According to an article by Sonia Seats in the Guardian, Sirisena has no record of being a human rights champion either, and it has not surprised the western world, because the country is notorious for its approach towards handling a sensitive ethnic conflict. With the result, the diaspora population of the Tamils has grown, and it is trying to arouse worldwide sympathy for their aspirations.

When parliamentary elections happened in 2015, Ranil was able to form the government. Both of them had promised accountability and development. But it is unfortunate that Sri Lanka has slipped into a political turmoil again. The difference between them also reflects a certain political machiavellianism.

As of now, conspiracies have happened. Many regard Ranil’s sacking as unconstitutional. It also seems that when Ranil accused India’s RAW to assassinate him, cracks appeared in the diplomacy between the two neighbouring countries, something that Sirisena was displeased with.

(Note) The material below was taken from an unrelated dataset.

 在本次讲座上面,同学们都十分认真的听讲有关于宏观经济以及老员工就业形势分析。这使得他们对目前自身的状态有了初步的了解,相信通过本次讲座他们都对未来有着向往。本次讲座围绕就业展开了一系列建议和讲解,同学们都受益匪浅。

Rajapaksa has largely built his voter base on the Sinhala identity. It seems probable that his tenure might deepen fissures. The wounds of a brutal civil war between Tamils and Sinhalese are still afresh. What Sri Lanka needed now is a reconciliation process, but things have suddenly taken an opposite form. The UN peace process has also not triggered either.

During Rajapaksa, civil war with Tamil Tigers ended in a grotesque, the worst of its kind, in South Asia, after the calculated ethnic cleansing of Tamils, on a large scale. His tenure was also seen as one of the most corrupt, as his brothers were involved in various corruption scandals. If Rajapaksa remains in power, he will most certainly put an end to these infamous corruption cases. As of now, the military and the police officials are already paying him visits.

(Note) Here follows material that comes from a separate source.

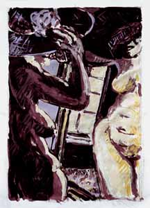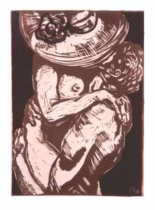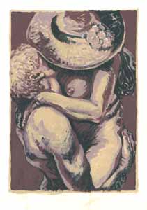 Der Kuß, 1986, Maße: 61 x 42 cm, Druckgrafik: Linolschnitt auf Büttenpapier, Aufl.: 10, 3 Platten, Druckinitiale ru "A.86", Reg.Nr.: L 86 - 02 / 08

During his time, the relation with China had deepened and most of the corruption cases had taken place on the Chinese projects. Rajapaksa was trying to shift the diplomatic ties more towards China. But Ranil was seeking a middle path. Although, it seems that Rajapaksa, as the incumbent leader, might undo this.

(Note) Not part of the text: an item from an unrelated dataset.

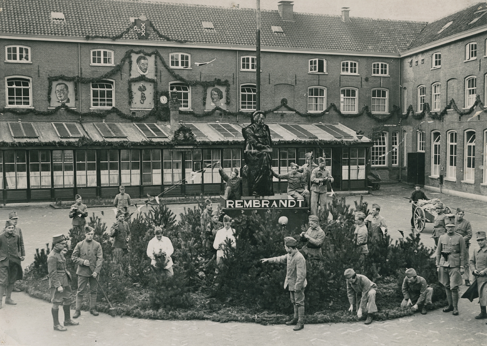 Versierde binnenplaats van de Oranje Nassau kazerne,...
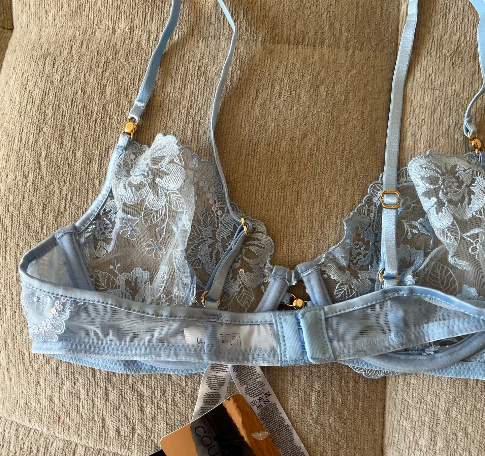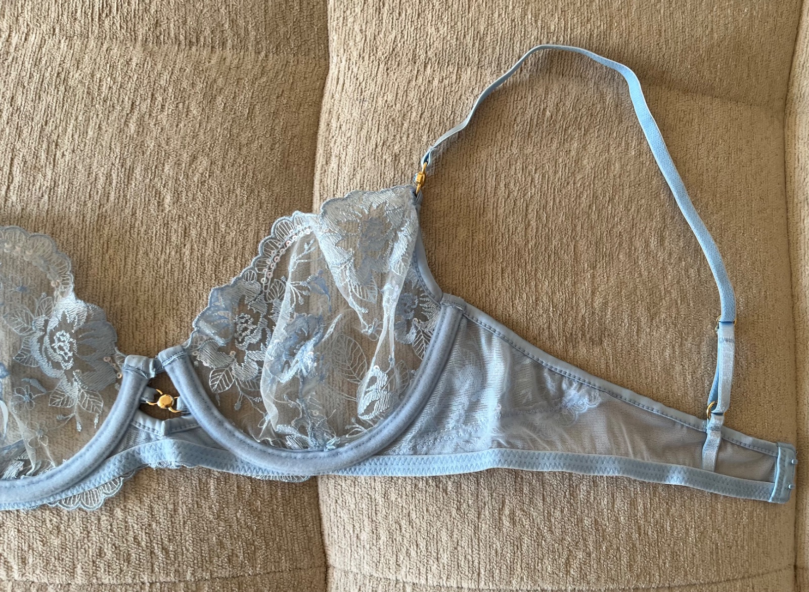 - nová bledomodrá mäkká čipkovaná podprsenka

Even many journalists and activists have disappeared, mainly through targeted assassinations. His tenure might incur more fear.

With the result, the minority issue of Tamils in Sri Lanka will again stir up. It will also give a political mileage to regional Dravidian parties in India’s south. Quite lately, the Indian State of Tamil Nadu has condemned the capture of Tamil fishermen by Sri Lanka.

In its ruling, the apex court said the parliament will be suspended until December 7, and it will review all the petitions filed on President Sirisena’s decision.

According to Colombo based NGO Centre for Policy Alternatives: “The Supreme Court’s order is a great victory for all those forces in Sri Lanka and anywhere else in the world who believe in the constitution and free and fair functioning of a democracy. The president cannot dissolve the parliament till the court’s final orders. He can prorogue the parliament, but cannot dissolve it.”

As parliament is dissolved unexpectedly, new elections might happen soon. But supporters of Rajapaksa believe that the counting of votes was not done fairly, and it sabotaged the actual democratic process.